- **Task prompt**
Leave the pictures out, and repeat exactly each line from the one that holds "KEITH JAPAN ブーツ¥24,200/レメ(セムインターナショナル)" through the final line of the entries below.

- **Extracted records**

Content starts

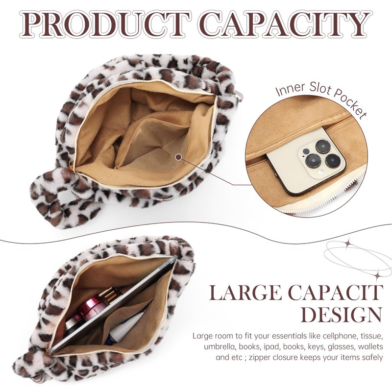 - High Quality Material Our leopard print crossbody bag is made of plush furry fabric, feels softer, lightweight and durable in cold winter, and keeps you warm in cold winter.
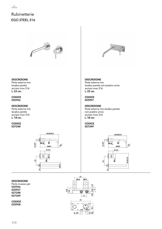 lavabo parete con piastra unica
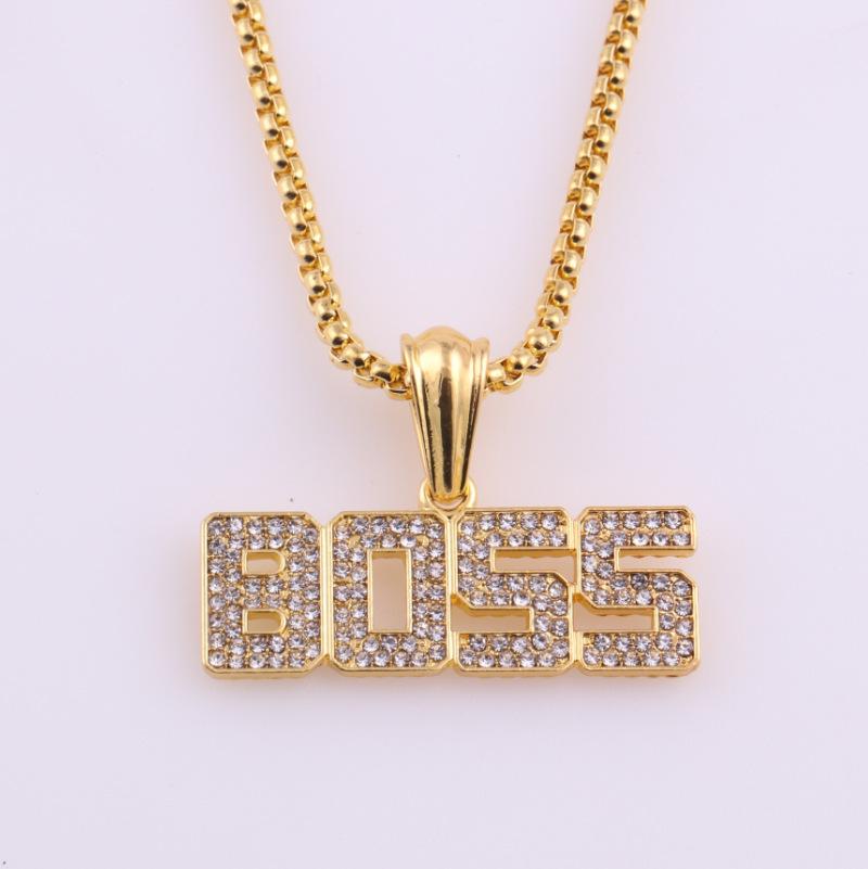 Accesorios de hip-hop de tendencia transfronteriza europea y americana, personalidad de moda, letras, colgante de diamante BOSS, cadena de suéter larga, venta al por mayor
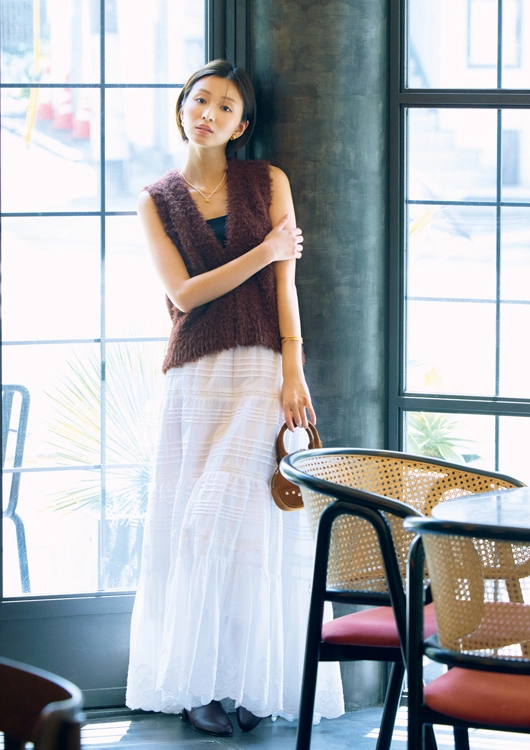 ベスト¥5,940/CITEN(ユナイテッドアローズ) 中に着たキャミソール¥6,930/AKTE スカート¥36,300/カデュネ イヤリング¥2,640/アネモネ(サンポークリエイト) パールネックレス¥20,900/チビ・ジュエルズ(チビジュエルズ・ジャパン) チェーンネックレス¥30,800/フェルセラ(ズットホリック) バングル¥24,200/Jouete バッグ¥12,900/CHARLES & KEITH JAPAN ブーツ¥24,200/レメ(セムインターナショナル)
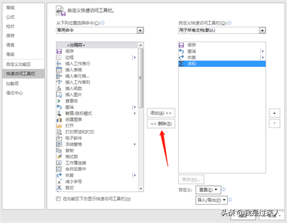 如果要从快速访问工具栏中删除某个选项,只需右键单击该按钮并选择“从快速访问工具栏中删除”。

Content ends

- **Task output**
 ベスト¥5,940/CITEN(ユナイテッドアローズ) 中に着たキャミソール¥6,930/AKTE スカート¥36,300/カデュネ イヤリング¥2,640/アネモネ(サンポークリエイト) パールネックレス¥20,900/チビ・ジュエルズ(チビジュエルズ・ジャパン) チェーンネックレス¥30,800/フェルセラ(ズットホリック) バングル¥24,200/Jouete バッグ¥12,900/CHARLES & KEITH JAPAN ブーツ¥24,200/レメ(セムインターナショナル)
 如果要从快速访问工具栏中删除某个选项,只需右键单击该按钮并选择“从快速访问工具栏中删除”。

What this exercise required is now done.